घर का कचरा तो कभी-कभी दरी के नीचे भी डाल कर छिपा दिया जाता है। पर समाज में यदि यह भावना बढ़ती गयी कि 90 प्रतिशत से नीचे का कोई अर्थ नहीं तो हर वर्ष हमारी शिक्षण संस्थाओं से निकले इतने सारे, असफल बता दिए गए छात्र, कहां जाएंगे? कितनी बडी दरी चाहिए 90 प्रतिशत से कम वाले इस नए कचरे को छिपाने के लिए? मीटरों नहीं, किलोमीटरों लम्बी-चौड़ी दरी । लगभग पूरा देश ढक जाए इतनी बडी दरी बनानी पडेगी । फिर दरी के नीचे वाले भला कब तक शांत बैठेंगे? दरी में ये जगह-जगह छेद करेंगे, उसे फाड़ कर ऊपर झांकेंगें।

 

5. Translate the following 15 sentences into Hindi: (15 Marks)

(1) Question of the validity of sanction has not been pursued at the time of Pendency of the trial.

(2) Freedom of . speech, expression and press lies at the root of all democratic organization.

(3) National Anthem is regarded as honour and symbol of sovereignty of India.

(4) Not only initial impossibility renders an agreement void but subsequent impossibility also renders a contract void.

(5) The parties may submit all documents alongwith their statements they consider to be relevant.

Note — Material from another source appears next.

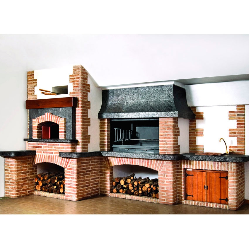 Комбинированная барбекю из кирпича, плиты из несимметричного сланца Pizarra. Центральная часть духовки, быки, металлические плиты и короб рустикальной обработки. Дверцы и балка из дерева обработки Iroko. Духовка размером 110 см, металлическая топка размером 120х65 см, зольник и решетка для жарки с направляющими, вертикальный гриль сбоку.
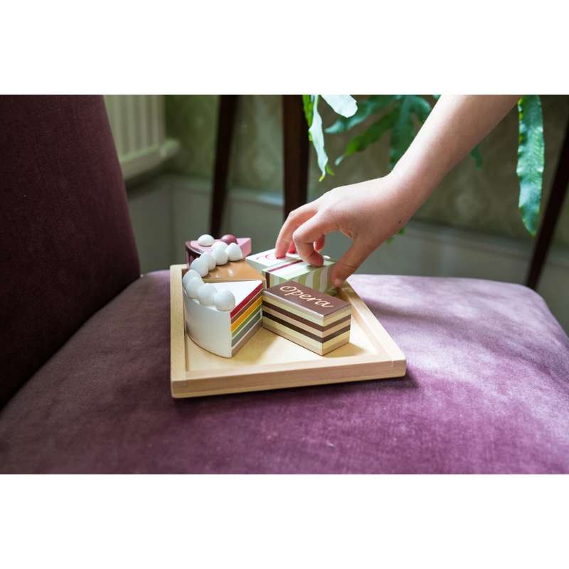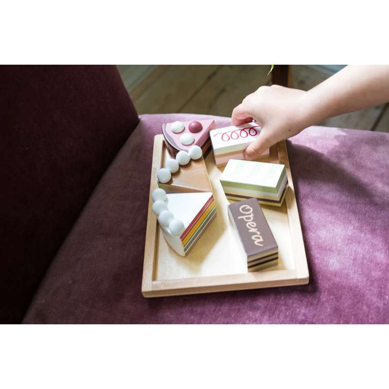 MaMaMeMo Comida de madera - Porciones de pastel en bandeja

(6) Judges in modem democratic states always function without fear and any hope of favour.

(7) The blood stained cloths and knife produced in the case be destroyed after the period of appeal.

(8) The seized notes were not properly sealed.

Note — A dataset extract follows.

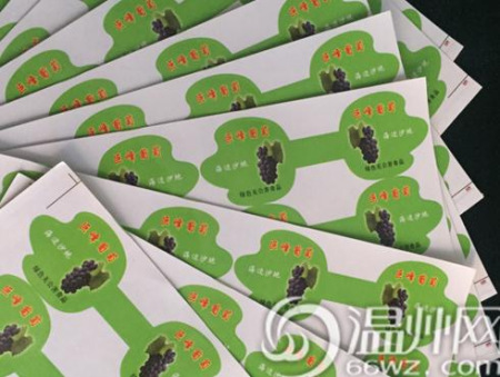 所謂的“越南青芒”標(biāo)簽,便是出自此處。此外,該商店里還有紅富士、阿克蘇、冰糖心等10余種水果標(biāo)簽。記者表示要一款葡萄的標(biāo)簽,店家便給了記者一款“巨峰葡萄”的標(biāo)簽,“一張8個(gè)標(biāo)簽,5毛一張?!痹摌?biāo)簽上,還寫著“海邊沙地,綠色無公害食品”字樣。

(9) Every original order passed by a Revenue Officer in any proceedings shall contain a concise statement of the case.

(10) The boy who had punished for stealing a book twenty years back, today he has been sentenced to capital punishment.

(11) On hearing of the sever sentence passed by the magistrate, the accused began to cry loudly and bitterly.

(12) Nevertheless, it is true that male orchestral players are in an overwhelming majority.

(13) Innumerable people have died due to food poisoning and consumption of spurious liquor.

(14) There is a dire need of economic reforms to improve the stagnating economic condition of the country.

(15) The mediator shall be guided by principles of fairness and Justice.